What’s the hottest trend in building security? MacDaniel says it’s the increasing use of high-definition video for private residences and small businesses. Such video has long been standard in large companies, which use it to keep track of who’s coming and going.

“IP [Internet protocol] video now allows hi-def video suitable for prosecutable evidence,” MacDaniel said. “You can zoom in with minimal distortion. That’s where the industry is headed.”

Video is definitely the way of the future, said Gallagher. With a pinpoint lens, he said, a camera now can illuminate a dark interior and provide an identifiable image of an intruder.  

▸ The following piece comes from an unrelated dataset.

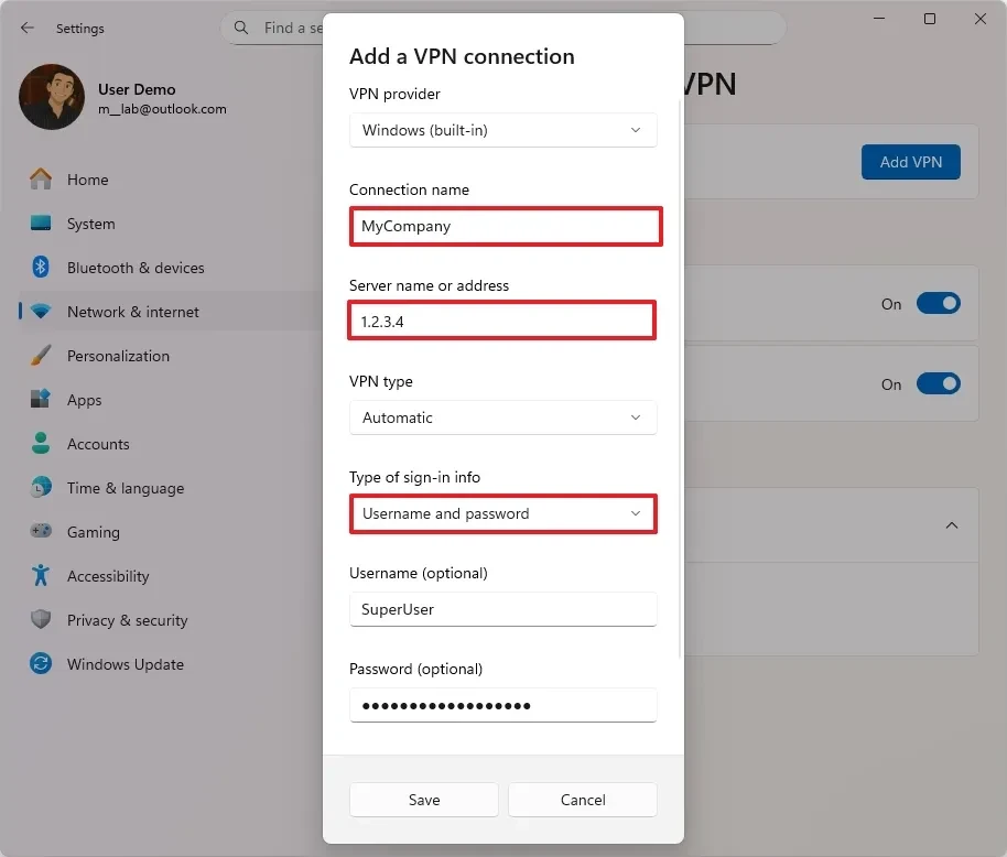 Trong cửa sổ cấu hình, tại mục VPN provider, hãy chọn Windows (built-in). Tiếp theo, bạn nhập tên gợi nhớ cho kết nối và điền địa chỉ IP hoặc tên miền của máy chủ từ xa vào ô Server name or address.
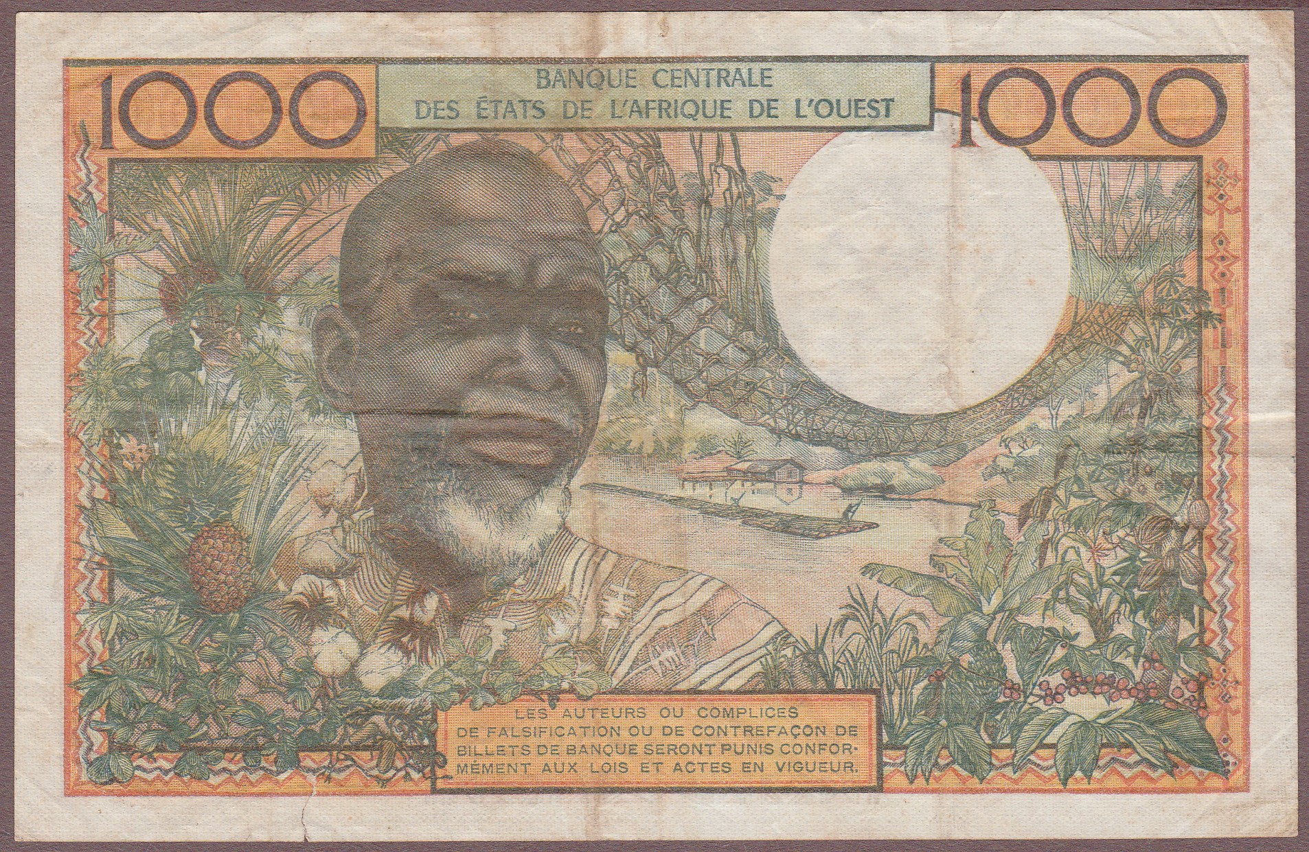 1000 Francs, Senegal (letter K), no date, signature 8, B108Ki/P703Kj, F-VF (tear, soil)

“We’re finding that police, when there’s a crime in an area or when they’re looking at a particular residential or business neighborhood, are requesting playback from cameras,” he said.

By having system providers host their video service, customers also avoid the potential loss of on-site video, Gallagher said.

“A robber at a [convenience store] can carry off the DVR so the store doesn’t have video, but what he doesn’t know is that the video is also being stored off site,” he said.

Providing video hosting also boosts a provider’s recurring monthly revenues and helps drive down the cost of monthly service, Gallagher said.